Torture itself, however, was regarded as too serious to be left to the arbitrary temper of a baffled or angry inquisitor, and was preceded by formalities designed to prevent its abuse. It was the last resort when the result of a trial left doubts to be satisfied. After the prosecution and defence had closed, and the consulta de fe had assembled to consider the sentence, if the evidence was too weak for condemnation while the innocence of the accused was not clear, it could adopt a vote to torture and postpone the decision to await the outcome. Even in the ferocity of the early period this deliberateness was frequently observed, although in the reckless haste of procedure it was often omitted. Thus, in the case of Diego García, a priest accused of having said twenty years before, when a boy, that the sacrament was bread, the consulta held two meetings, January 18 and 19, 1490, and finally voted torture. There was no haste however and it was not until February 11th that García was exposed to the very moderate water-torture of about a quart of water. No confession was obtained and he was untied, with the protest that he had not been sufficiently tortured, but it was not repeated and, on February 26th, he was acquitted and restored to his fame and honor, though, with the curiously perverse inquisitorial logic, he was made to abjure de vehementi and forbidden to celebrate mass for six months.[11] The vote of the consulta however was not universal and, in 1518, the Suprema ordered it to be always observed, but a clause in the Instructions of 1561, reminding inquisitors that they must not inflict torture until after hearing the defence shows how difficult it was to restrain their arbitrary action.[12] Even in the early eighteenth century, in reviewing a summary of cases of Valencia, from 1705 to 1726, the Suprema rebuked the tribunal for torturing Sebastian Antonio Rodríguez without previous consultation, but at this period the consulta de fe was becoming obsolete and everything was centering in the Suprema.[13]

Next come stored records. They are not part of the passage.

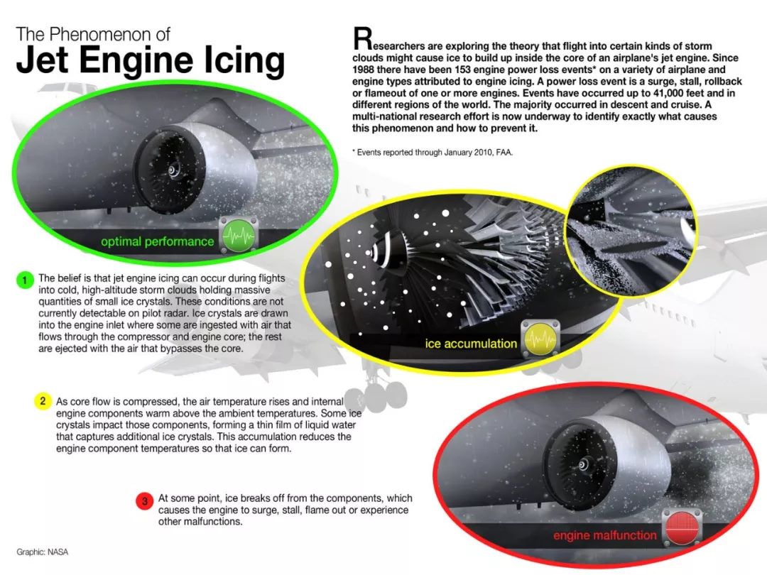 降低动力装置效率,甚至产生故障:在飞机其他部位没有结冰时,喷气式发动机进气道有时会有积冰。因为机翼和尾翼前部的动力增温,比喷气式发动机进气口处要大得多,飞行实践证明,当外界气温等于小于+5°C时,喷气式发动机进气口部分可以发生结冰。
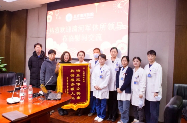 2025年1月15日,清河军休所副所长丁芳、政工科科长蔡洋、服管二科科长王艳杰来到北京清河医院,感谢这一年来北京清河医院医务工作者不辞辛劳、夜以继日的辛勤付出,他们特精心制作了锦旗赠予医院,以此表达内心深深的谢意。
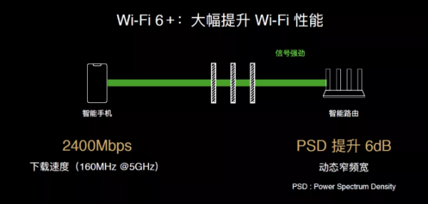 華為Wi-Fi 6+帶來兩大特性:一是端到端支持160MHz超大頻寬,近距離暢享雙倍速度;二是動態窄頻寬技術,報文按需自動分片,確保路由和手機等終端設備可穩定工作在窄頻寬模式,大幅提升手機等終端側的功率譜密度,實現多穿一堵墻的效果。簡單來說,近距離速度快一倍,遠距離多穿一堵墻。
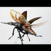 前翅は閉じた状態の「装甲」感を優先して展開状態との差し替え式、実物同様に胸関節を曲げつつ前翅を開く構造も再現しました。
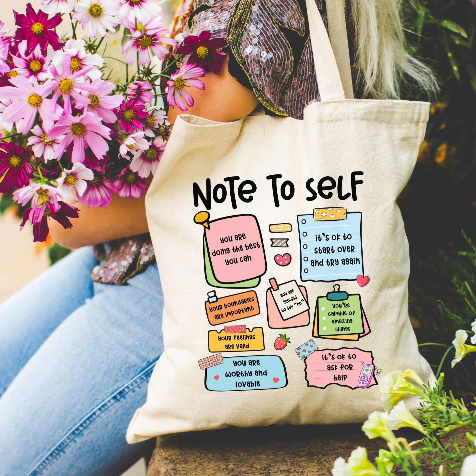 Sticky Notes Positive Affirmations Tote Bag

The vote of the consulta was still only preliminary. After it, the accused was brought into the audience-chamber, where all the inquisitors and the episcopal Ordinary were required to be present. He was notified of the decision of the consulta; if he was a diminuto, the points in which his confession had failed to satisfy the evidence were pointed out; if a negativo, no explanations were necessary; if it was on intention or in caput alienum he was made to understand it. He was adjured, in the name of God and the Blessed Virgin, to confess fully, without false evidence as to himself or others and, if this failed to move him, a formal sentence of torture was signed by all the judges and read to him. It recited that, in view of the suspicions arising against him from the evidence, they condemned him to be tortured for such length of time as they should see fit, in order that he might tell the truth of what had been testified against him, protesting that, if in the torture he should die or suffer effusion of blood or mutilation, it should not be attributed to them, but to him for not telling the truth. If the torture was to discover accomplices, care was taken to make no allusion to him and to give him no chance of clearing himself, for he was assumed to be already convicted.[14]